Они снова выпили. Круглов следил пьяными глазами за Литвиновым. Тот демонстративно пил не меньше электрика.
Следи, следи, следопыт хренов! Тебе меня не переиграть. Образование — великая вещь. Плюс возможности. И сорбент, который принят за полчаса до пьянки, мои мозги сохранит в ясности. А вот твои… Литвинов взял куриную ногу, отщипывая коричневое мясо, продолжил:
— Ошибочка, говоришь? Хорошенькое дело! И кому платить за твои ошибочки?

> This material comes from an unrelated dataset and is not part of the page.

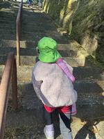 地蔵尊の階段をすらすら登っていく子ども達。

— Т-тебе, — ухмыльнулся электрик.
— То есть?
— Л-ладно, Игорич, нечего из себя целку-то строить. Не ты ли меня нанял пару месяцев назад, чтобы я Маринку т-твою на нужную тебе мысль навел, да с-совет ей дал, да в исполнители записался, а? За-за-был уже, что ли? То-то она на кухне все причитала: мой б-бедный Марат! Затравили, замучили, изверги! Звонят, угрожают. Мы жа-алуемся, на нас ноль внимания! С ума можно сойти! И что я должен был ей посоветовать? А давайте-ка, Мариночка Ильинична, устроим как бы взрыв. Подложим взрывпакетик и сами же его обнаружим… Тут-то они и всполошатся, пожарные с милицией! И начнут копытами бить: кто нашего Марата обижает? Арестовать! А она: да кто же его подложит-то? А я ей: я подложу. Потому что не могу смотреть на ваши страдания. Потому как уважаю вас безмерно за доброту вашу. Сам подложу, сам и обезврежу… Так и сделано было. А когда не арестовали того, кого ты засадить хотел, снова нужно было Мариночку завести: а давай-ка повторим, Ильинична! Первый раз не среагировали, а на второй-то уж конечно всполошатся! Мы теперь другого шуганем, который покруче.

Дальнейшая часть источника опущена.